In the 6 years since then, Smart Bidding has became more powerful.
Initially Max Conversions and Target CPA were two separate bid strategies. Today however, they are semi-combined, where as you set a campaign up for max conversions and then have the option to set a Target CPA.
Should you utilize just Max Conversions or apply a Target CPA? I’ll share with you what I do.
The post below curates a few of the videos I’ve done on this subject.
My Experience With Google Ads
I’ve been running Google Pay-Per-Click since 2009 when I launched an e-commerce business. These days I run PPC ads to generate leads for my local businesses, along with leads that are generated for large scale lead buyers in financial products / services markets. My total monthly adspend on Google is excess of $100,000 and….
all of my campaigns are using Target CPA.
Why? Well when using Target CPA google ads will get conversions at your Target COST PER ACTION. Consider I know that a conversion has a value of $50, I can set a target of $25 for the campaign (or ad group) to achieve a 50% margin, and then I can set my budget to $10,000 per day.
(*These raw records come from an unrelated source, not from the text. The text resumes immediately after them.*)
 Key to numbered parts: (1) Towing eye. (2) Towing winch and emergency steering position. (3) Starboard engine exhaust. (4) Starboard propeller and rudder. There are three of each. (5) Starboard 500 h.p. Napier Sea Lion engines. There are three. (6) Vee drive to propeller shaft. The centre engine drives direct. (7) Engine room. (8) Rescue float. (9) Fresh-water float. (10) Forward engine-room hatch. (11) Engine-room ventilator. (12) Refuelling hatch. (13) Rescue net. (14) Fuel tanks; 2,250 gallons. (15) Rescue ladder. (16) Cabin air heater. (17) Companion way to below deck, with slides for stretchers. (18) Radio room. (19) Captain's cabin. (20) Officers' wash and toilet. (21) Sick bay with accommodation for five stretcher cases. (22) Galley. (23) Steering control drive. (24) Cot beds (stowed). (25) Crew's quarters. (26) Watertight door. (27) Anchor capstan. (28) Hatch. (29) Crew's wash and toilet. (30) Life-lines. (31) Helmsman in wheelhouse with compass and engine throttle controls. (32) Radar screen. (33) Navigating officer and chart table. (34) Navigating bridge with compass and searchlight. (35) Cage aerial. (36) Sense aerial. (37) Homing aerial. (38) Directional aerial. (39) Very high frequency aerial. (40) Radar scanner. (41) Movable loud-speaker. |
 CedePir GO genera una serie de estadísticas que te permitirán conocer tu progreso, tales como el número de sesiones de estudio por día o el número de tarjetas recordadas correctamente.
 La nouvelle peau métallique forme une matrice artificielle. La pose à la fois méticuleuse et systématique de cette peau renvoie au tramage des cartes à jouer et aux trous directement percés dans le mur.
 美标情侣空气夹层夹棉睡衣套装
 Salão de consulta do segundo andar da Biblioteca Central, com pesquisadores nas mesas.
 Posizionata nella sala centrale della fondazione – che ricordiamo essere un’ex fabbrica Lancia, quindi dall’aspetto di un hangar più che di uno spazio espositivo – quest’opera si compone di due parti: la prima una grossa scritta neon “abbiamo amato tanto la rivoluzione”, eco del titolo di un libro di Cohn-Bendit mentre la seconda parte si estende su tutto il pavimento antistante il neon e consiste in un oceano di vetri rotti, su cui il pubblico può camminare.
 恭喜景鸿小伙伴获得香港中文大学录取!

This is basically instant scale, the beauty of paid advertising.
If I were to simply set the budget to up to $10,000 per day, Google would spend the budget but the conversion cost would likely be way higher than $25. You can see this at play on a smaller level in this test I did here:
It’s important to note that when using the Target CPA and setting a high budget, you usually won’t even come close to spending the entire daily budget.
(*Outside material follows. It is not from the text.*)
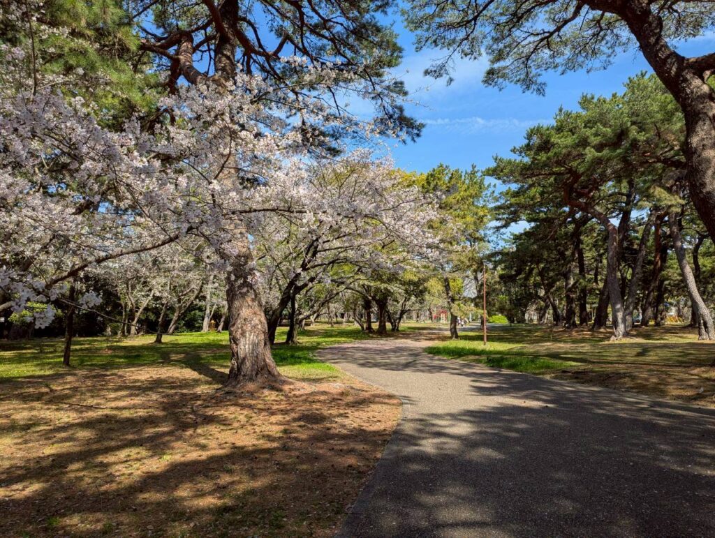 空の青、桜の白、松の緑のコントラストがとても奇麗でした!

Does Target CPA actually stick to the target cost amount?
Many people wonder if they set a $25 Target CPA for example, if the campaign will actually stick to that.
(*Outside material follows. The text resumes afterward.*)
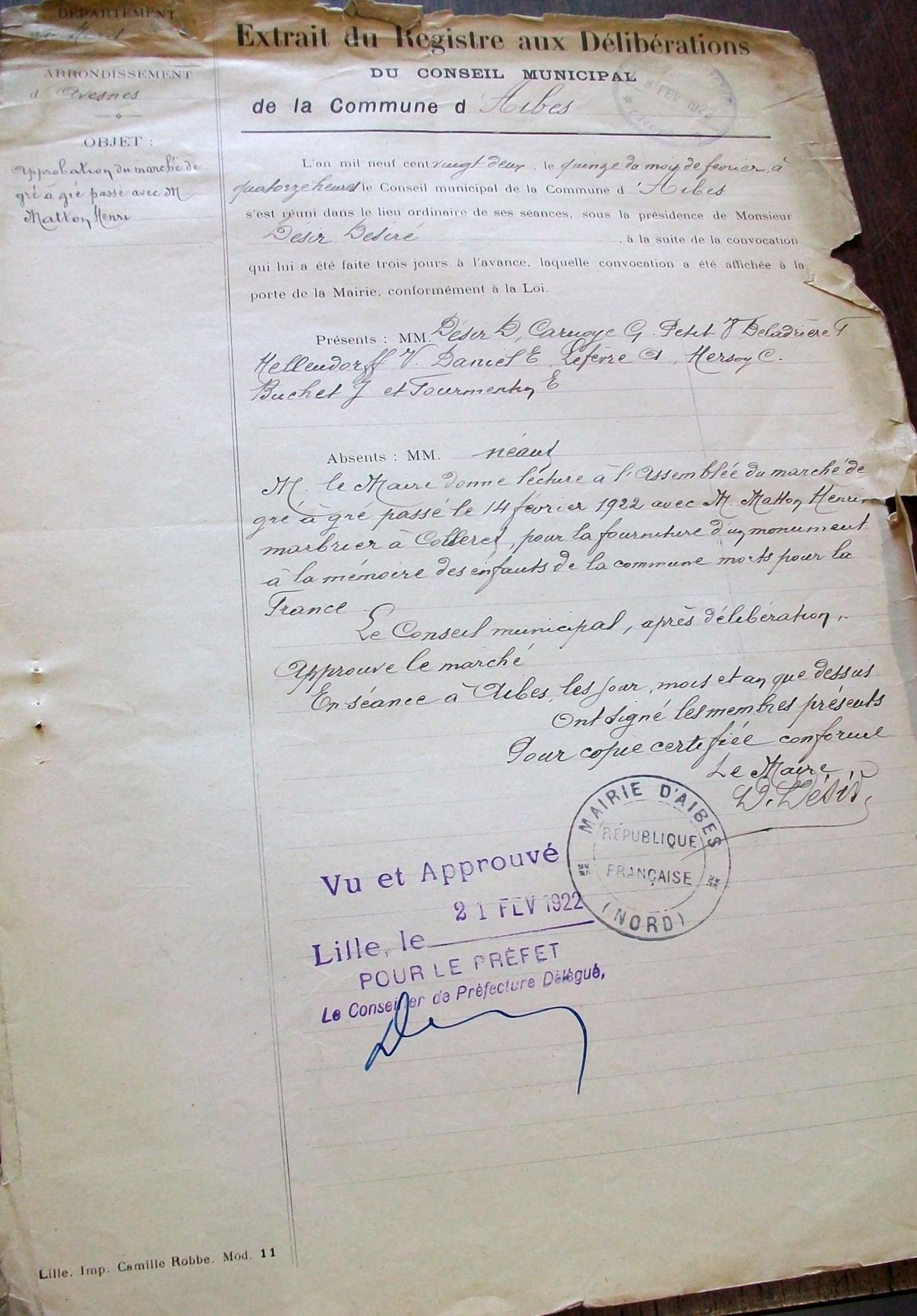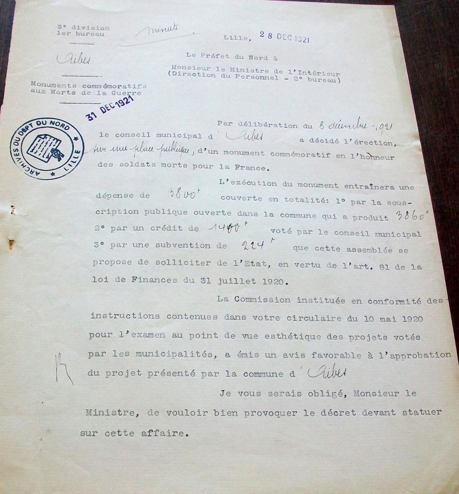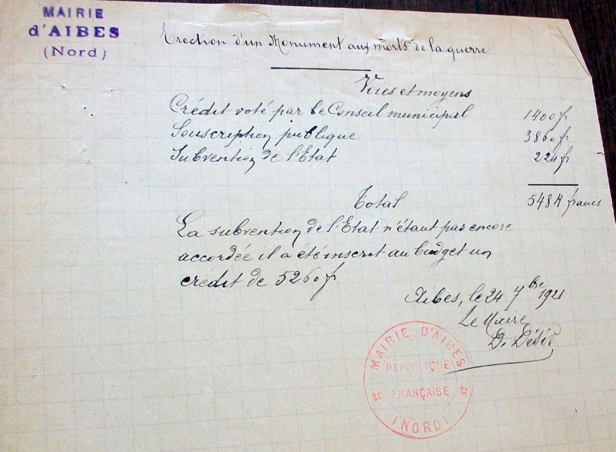 Le Préfet du Nord au Ministre de l'Intérieur Par délibération du 8 décembre 1921 le conseil municipal d'Aibes a décidé l'érection sur une place publique, d'un monument commémoratif en l'honneur des soldats morts pour la France L'exécution du monument entraînera une dépense de 3800 F couverte en totalité : 1. par la souscription publique ouverte dans la commune et qui a produit 3860 F 2. par un crédit de 1400 F voté par le conseil municipal 3. par une subvention de 224 F que cette assemblée se propose de solliciter de l'État, en vertu... La Commission instituée en conformité des instructions... a émis un avis favorable à l'approbation du projet présenté par la commune d'Aibes. ...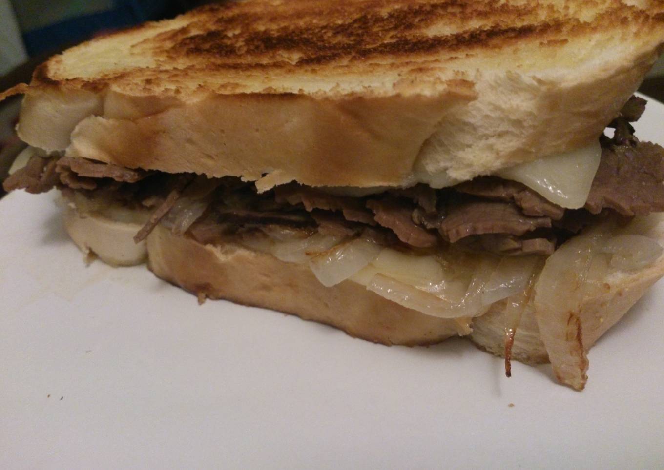 - Finish it off by closing up the sandwich and use remaining consomme for dipping.

It will. I rely on it with many campaign set at high budgets. However it is important to note, that day to day performance can vary wildly. Some days my cost per conversion will be way higher than average. Over a 7 day period, it is usually pretty close to the target, and over a 30 day period it is pretty much right on target.
Making Target CPA work starts with Max Conversions.
Here’s where the two come together! You cannot just set up a new campaign, with a Target CPA and let it rip.
Usually what will happen is for a few days the campaign will spend excessively, and then just stop running.
Instead my rule of thumb is to start with a small budget, increasing it upward as the campaign shows traction, and then after I have gotten 50 conversions, apply a Target CPA. I’ll usually set my TCPA on the high side, and let it run for a week or so and then slowly move it down to my desired target.
This may mean losing some money up front, but that is what it takes to make things work!
Here’s a video I did for someone that need some help getting TCPA to work explaining the process.
Alternative To Target CPA For E-commerce.
Use and quantification of Target CPA is primarily applicable to conversion events that have a static value, or that are applied to an offline transaction and cannot be directly quantified (only averaged). Most of my work falls in this realm. I generate leads, and sell products through a funnel. If you’re running an e-commerce store with many products a user could purchase TARGET ROAS would be the best bid strategy for you!